_Material provided_.
════════

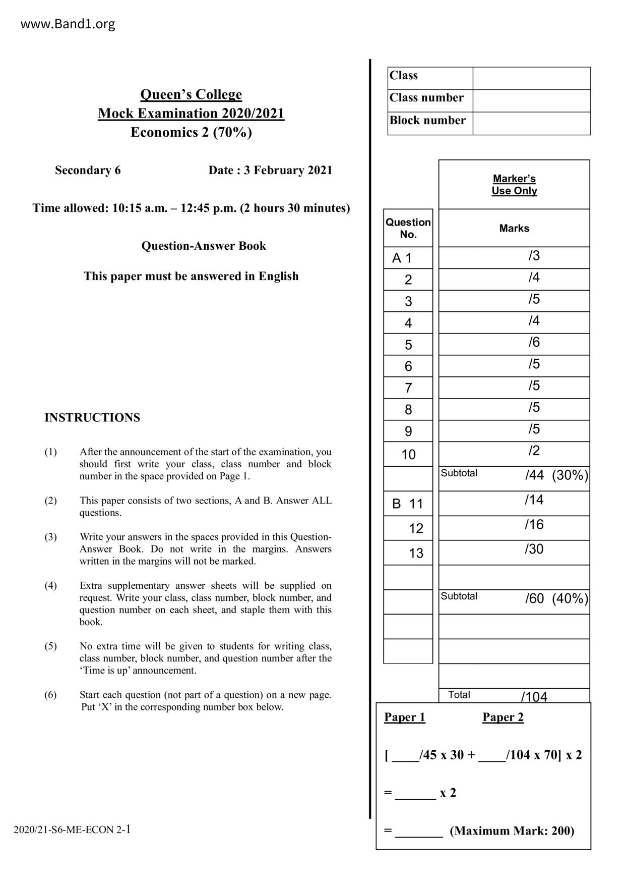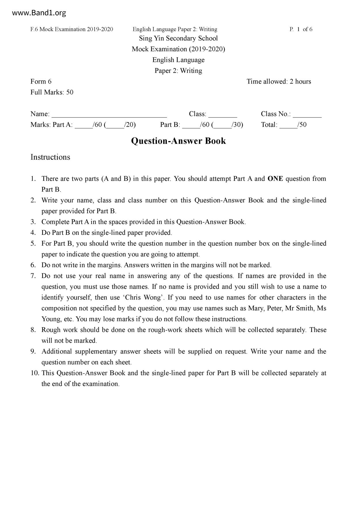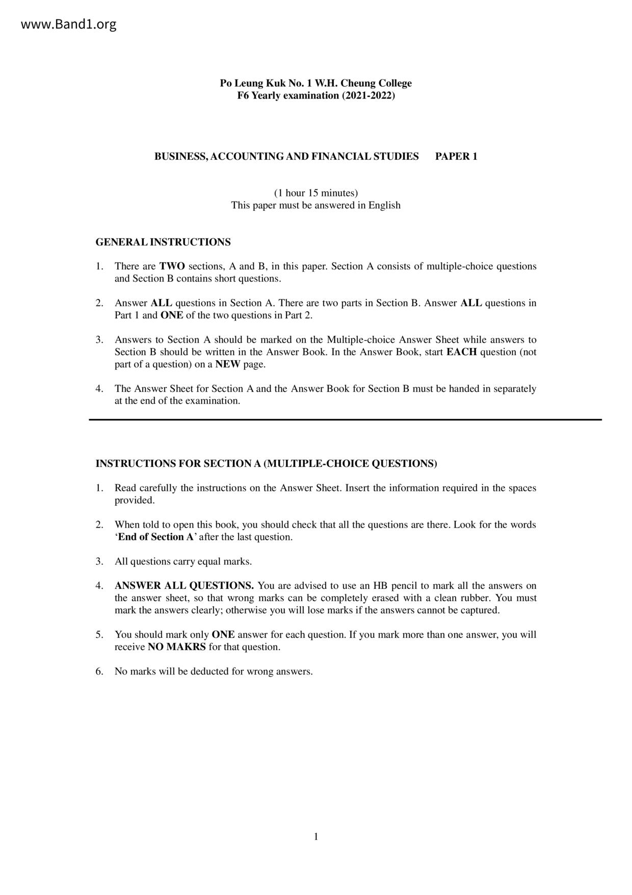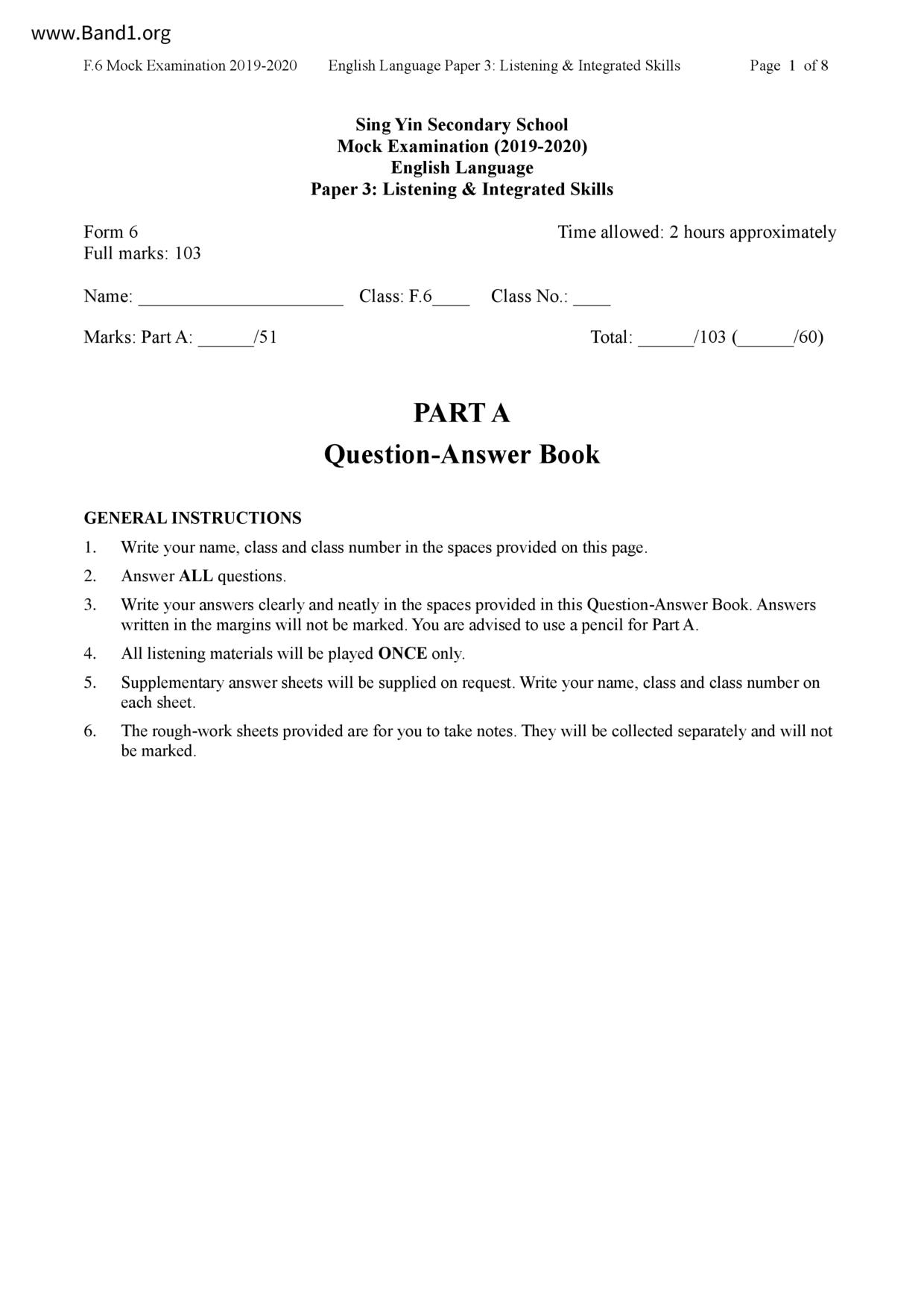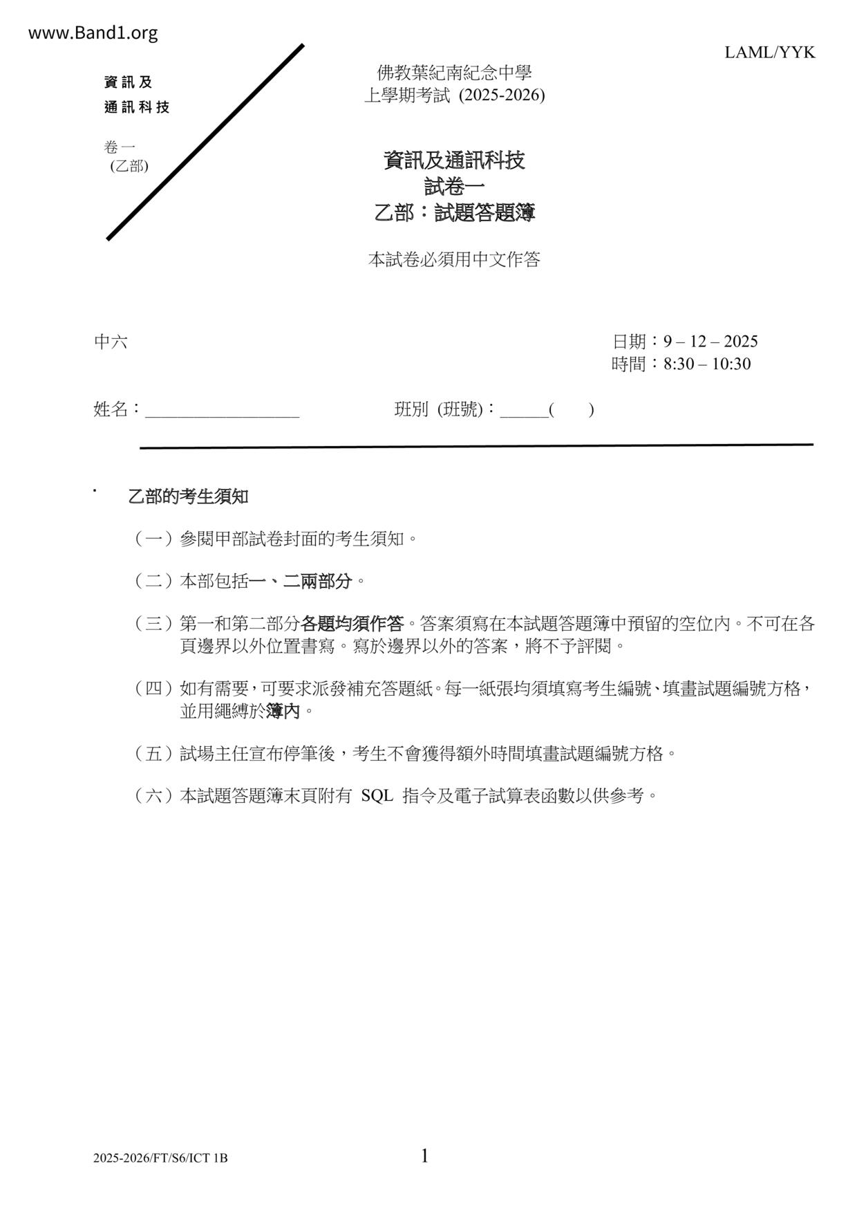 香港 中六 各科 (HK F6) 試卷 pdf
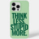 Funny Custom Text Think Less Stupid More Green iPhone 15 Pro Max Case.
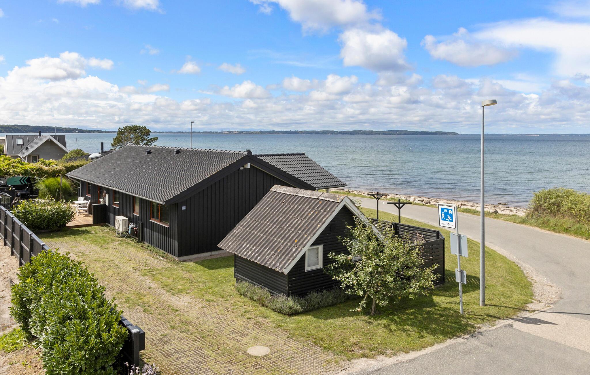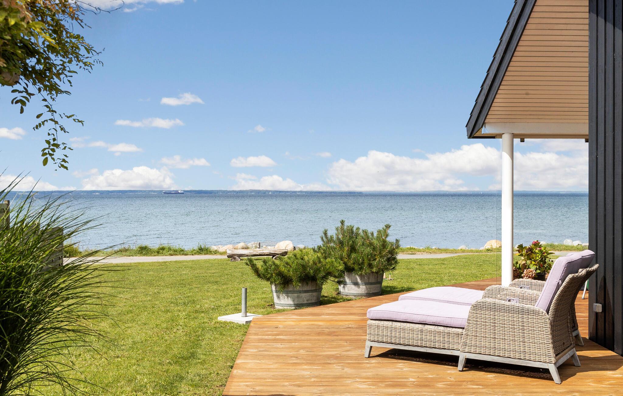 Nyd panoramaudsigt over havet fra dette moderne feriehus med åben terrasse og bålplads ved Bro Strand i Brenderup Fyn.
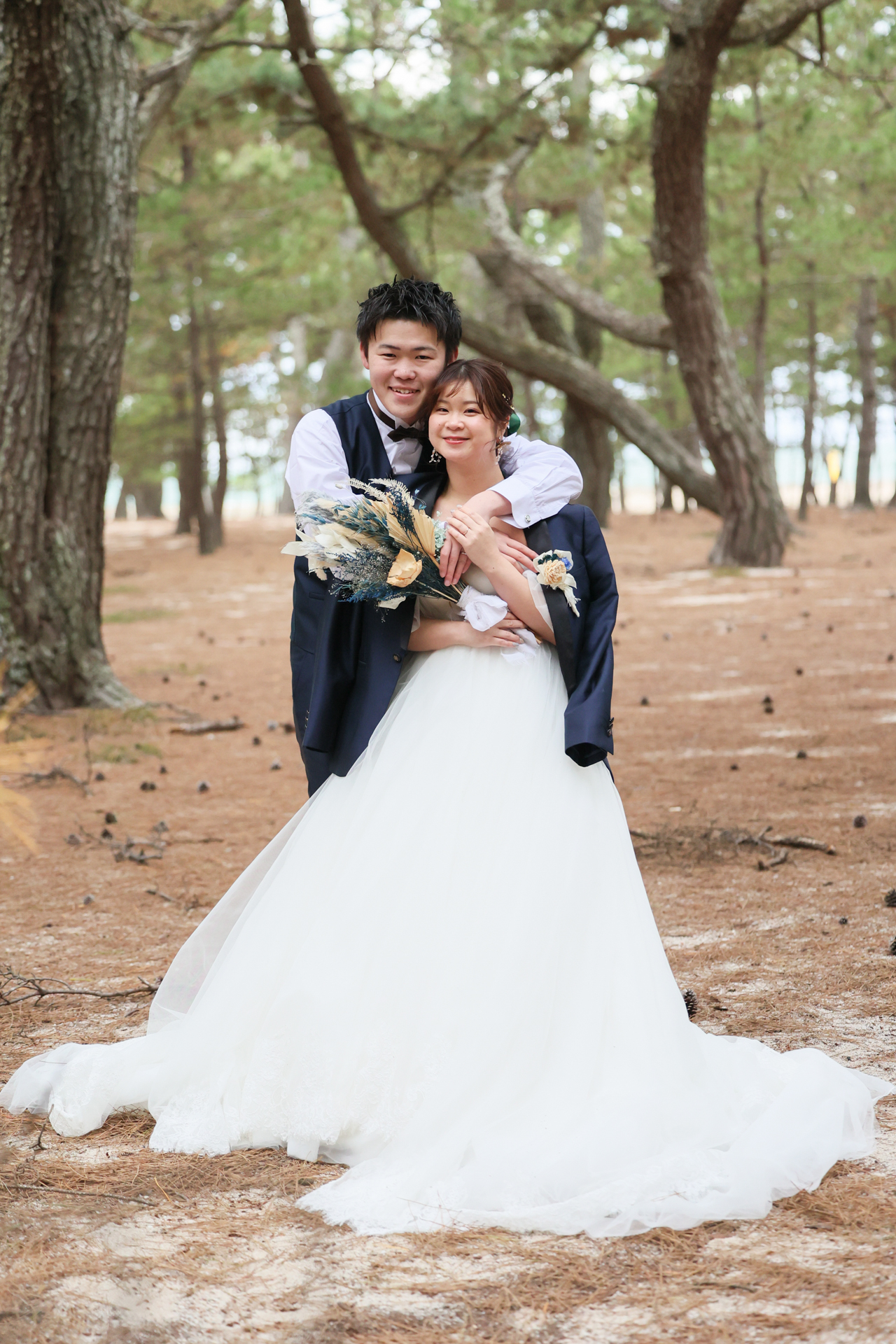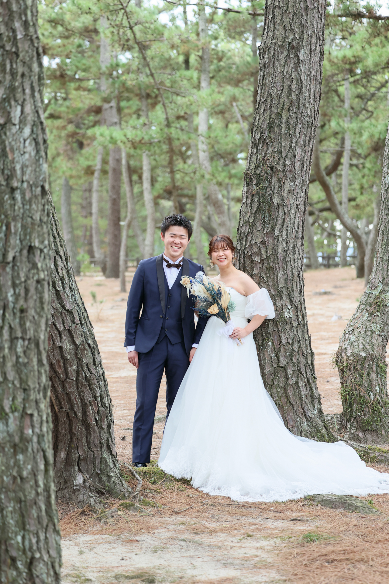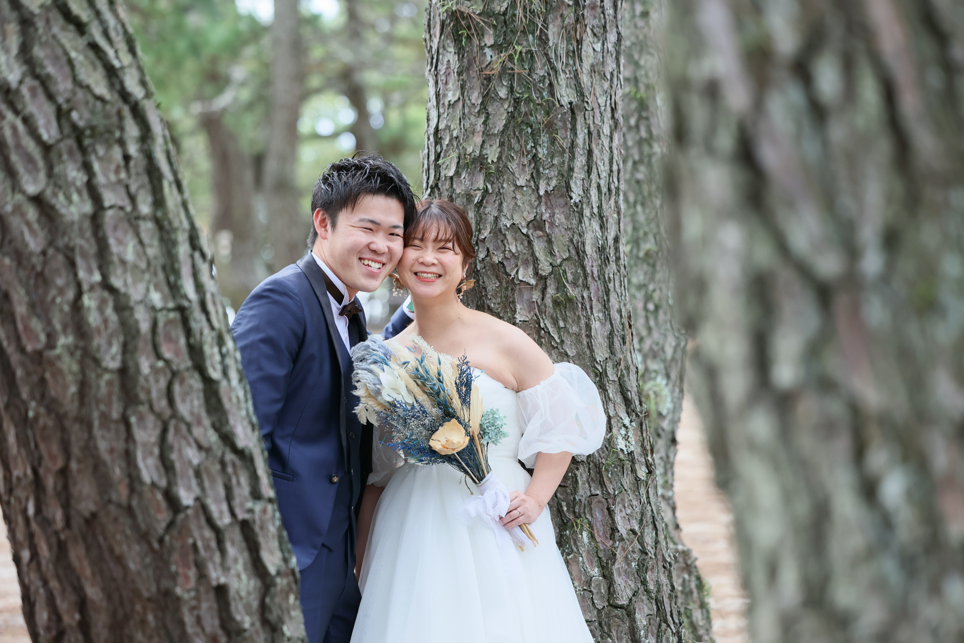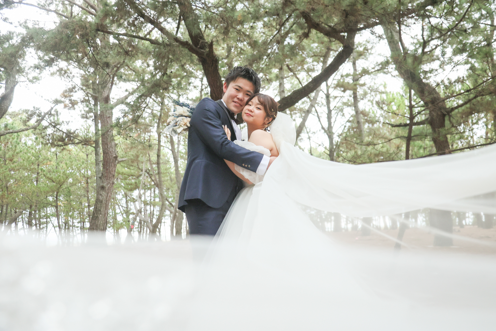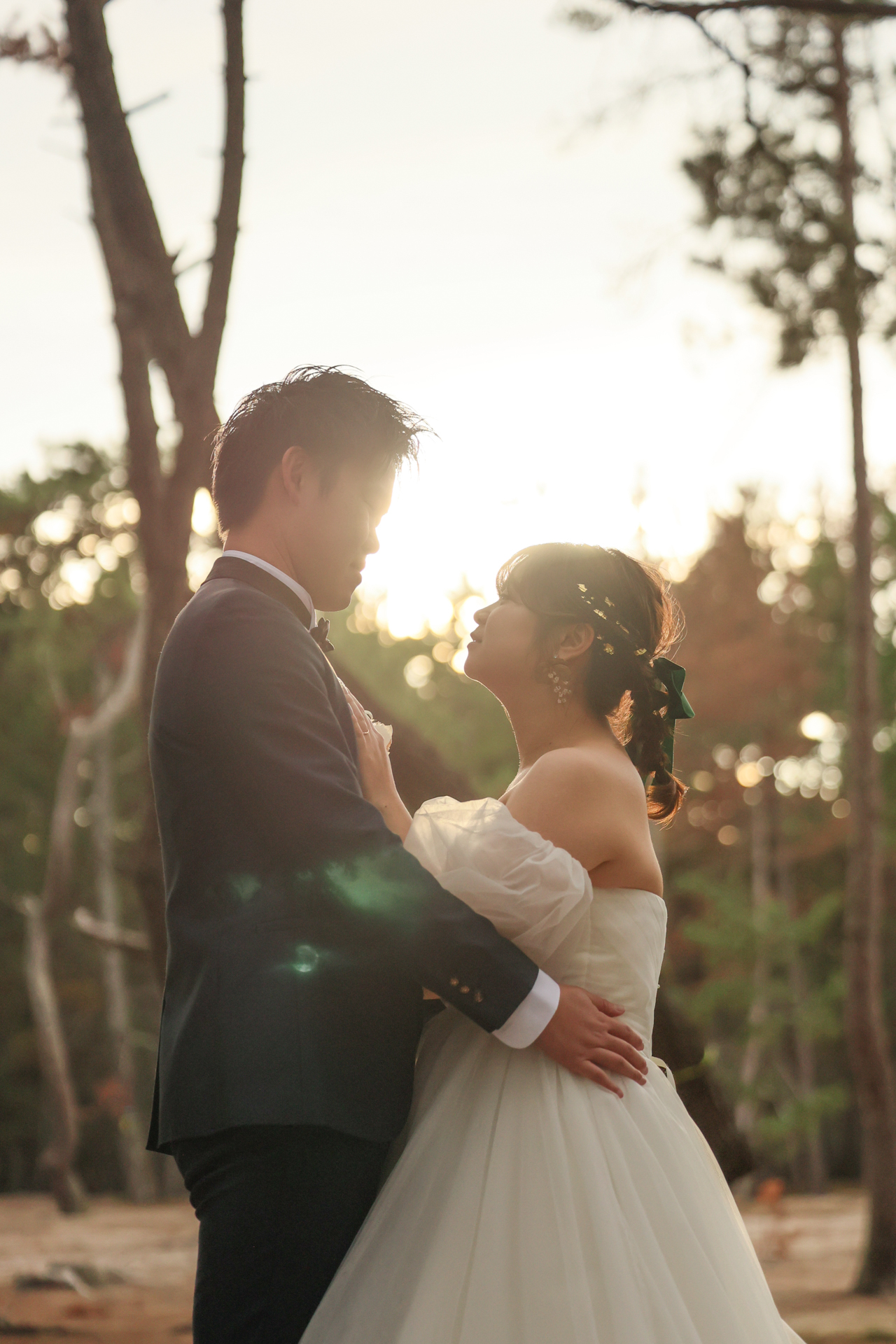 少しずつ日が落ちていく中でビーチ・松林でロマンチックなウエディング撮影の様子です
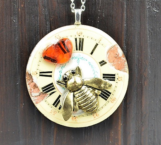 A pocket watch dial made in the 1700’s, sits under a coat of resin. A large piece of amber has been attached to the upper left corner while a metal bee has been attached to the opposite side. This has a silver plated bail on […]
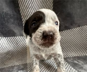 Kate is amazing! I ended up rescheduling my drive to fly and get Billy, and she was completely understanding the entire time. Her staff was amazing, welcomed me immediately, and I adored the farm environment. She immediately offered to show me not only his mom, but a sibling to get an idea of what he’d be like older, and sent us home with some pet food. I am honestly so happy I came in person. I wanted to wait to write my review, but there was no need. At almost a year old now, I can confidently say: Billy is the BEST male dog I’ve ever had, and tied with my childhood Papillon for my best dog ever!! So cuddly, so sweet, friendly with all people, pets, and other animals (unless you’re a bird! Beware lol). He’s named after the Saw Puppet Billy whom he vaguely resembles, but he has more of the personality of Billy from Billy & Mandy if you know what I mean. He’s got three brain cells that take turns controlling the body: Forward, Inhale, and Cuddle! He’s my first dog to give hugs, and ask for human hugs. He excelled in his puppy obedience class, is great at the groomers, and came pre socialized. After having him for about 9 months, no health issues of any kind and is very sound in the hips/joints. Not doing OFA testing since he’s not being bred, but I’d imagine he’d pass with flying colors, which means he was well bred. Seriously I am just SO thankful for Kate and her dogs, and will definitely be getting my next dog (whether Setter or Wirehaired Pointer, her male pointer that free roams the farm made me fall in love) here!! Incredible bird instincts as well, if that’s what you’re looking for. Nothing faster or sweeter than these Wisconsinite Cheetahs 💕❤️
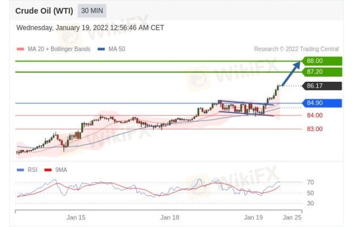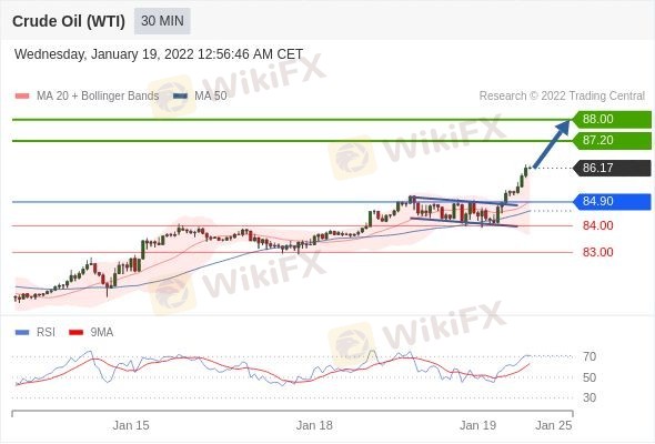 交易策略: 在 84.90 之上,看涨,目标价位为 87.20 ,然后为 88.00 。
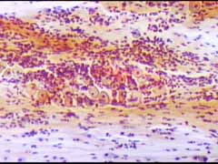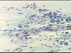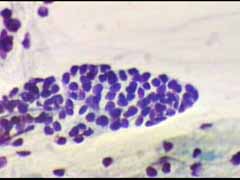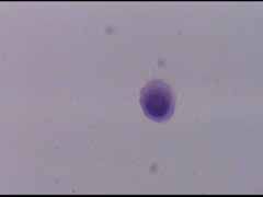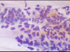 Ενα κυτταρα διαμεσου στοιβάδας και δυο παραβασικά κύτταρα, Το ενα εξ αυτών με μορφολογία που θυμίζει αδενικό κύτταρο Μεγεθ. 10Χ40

════════

_Task to carry out_. Each record should be printed again precisely, though not its pictures.

_Output of the exercise_.
 香港 中六 各科 (HK F6) 試卷 pdf
 Funny Custom Text Think Less Stupid More Green iPhone 15 Pro Max Case.
 Nyd panoramaudsigt over havet fra dette moderne feriehus med åben terrasse og bålplads ved Bro Strand i Brenderup Fyn.
 少しずつ日が落ちていく中でビーチ・松林でロマンチックなウエディング撮影の様子です
 A pocket watch dial made in the 1700’s, sits under a coat of resin. A large piece of amber has been attached to the upper left corner while a metal bee has been attached to the opposite side. This has a silver plated bail on […]
 Kate is amazing! I ended up rescheduling my drive to fly and get Billy, and she was completely understanding the entire time. Her staff was amazing, welcomed me immediately, and I adored the farm environment. She immediately offered to show me not only his mom, but a sibling to get an idea of what he’d be like older, and sent us home with some pet food. I am honestly so happy I came in person. I wanted to wait to write my review, but there was no need. At almost a year old now, I can confidently say: Billy is the BEST male dog I’ve ever had, and tied with my childhood Papillon for my best dog ever!! So cuddly, so sweet, friendly with all people, pets, and other animals (unless you’re a bird! Beware lol). He’s named after the Saw Puppet Billy whom he vaguely resembles, but he has more of the personality of Billy from Billy & Mandy if you know what I mean. He’s got three brain cells that take turns controlling the body: Forward, Inhale, and Cuddle! He’s my first dog to give hugs, and ask for human hugs. He excelled in his puppy obedience class, is great at the groomers, and came pre socialized. After having him for about 9 months, no health issues of any kind and is very sound in the hips/joints. Not doing OFA testing since he’s not being bred, but I’d imagine he’d pass with flying colors, which means he was well bred. Seriously I am just SO thankful for Kate and her dogs, and will definitely be getting my next dog (whether Setter or Wirehaired Pointer, her male pointer that free roams the farm made me fall in love) here!! Incredible bird instincts as well, if that’s what you’re looking for. Nothing faster or sweeter than these Wisconsinite Cheetahs 💕❤️
 交易策略: 在 84.90 之上,看涨,目标价位为 87.20 ,然后为 88.00 。
 Ενα κυτταρα διαμεσου στοιβάδας και δυο παραβασικά κύτταρα, Το ενα εξ αυτών με μορφολογία που θυμίζει αδενικό κύτταρο Μεγεθ. 10Χ40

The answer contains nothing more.